[Haskell-beginners] Compiler can't deduce Bool as instance of ToField

Tom Davie tom.davie at gmail.com
Thu Aug 15 20:11:28 CEST 2013


On 15 Aug 2013, at 19:49, Bryan Vicknair <bryanvick at gmail.com> wrote:

>>> Bryan Vicknair:
>>> postgresql-simple declares Bool as an instance of the ToField class.  The
>>> compiler can't deduce that given this simple code however:
>>> 
>>>  import Database.PostgreSQL.Simple.ToField (ToField(..))
>>> 
>>>  foo :: (ToField a) => a
>>>  foo = True
>>> 
>>> 
>>> It fails with this error:
>>> 
>>>  Db.hs:64:7:
>>>      Could not deduce (a ~ Bool)
>>>      from the context (ToField a)
>>>        bound by the type signature for foo :: ToField a => a
>>>        at Db.hs:63:8-23
>>>        `a' is a rigid type variable bound by
>>>            the type signature for foo :: ToField a => a at Db.hs:63:8
>>>      In the expression: True
>>>      In an equation for `foo': foo = True
>>>  Failed, modules loaded: none.
>>> 
>>> What am I missing?
>>> 
> 
>> Oliver Charles 
>> You have declared that foo is *any* type that has a ToField instance,
>> allowing the caller of foo to determine the type at their will.
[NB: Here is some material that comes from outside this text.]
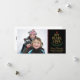 This classically simple design is enhanced with typography rendered in a faux-glitter look for an added touch of sparkle. Replace the sample photo with your own and easily adjust fit and location by using the 'Customise it!' button. The right side has a red 'glitter' accent stripe and a little 'glitter' heart above the words 'Joy Peace Love', which has the look of gold foil. Just below is a simple leaf garland in green faux-glitter. Fully customisable using the easy provided templates are the year, the greeting and family names.

However,
>> your implementation of foo is more specific and requires a is actually Bool
>> and nothing else.
>> On 14 Aug 2013 10:24, "Bryan Vicknair" <bryanvick at gmail.com> wrote:
> 
> I see.  I was confused, because the following works:
> 
>  bar :: (Num a) => a
>  bar = 5
> 
> I guess it is because the literal '5' could be an Int or a Float, and the type
> system doesn't know.
> 
> When I saw that the following does not work...::
> 
>  bar :: (Show a) => a
>  bar = False
> 
> ...it made a bit more sense.  It seems that if a literal can be considered part
> of a typeclass in more than one way, you can declare that literal to be of that
> typeclass.  However, if there is only one way for a literal to belong to a
> typeclass, then you can't.

That’s not it here.  What you’re saying in the first case is “no matter what numeric type you want, I can provide it”.  This is true, because the compiler can decide that 5 can indeed be any numeric type.  In the latter case you make the promise “no matter what type you want, as long as you can show it, I can provide it”, but it’s false.  I can say “well okay, give me an Int” and your function can not provide it to me, despite telling me in its type signature that it can.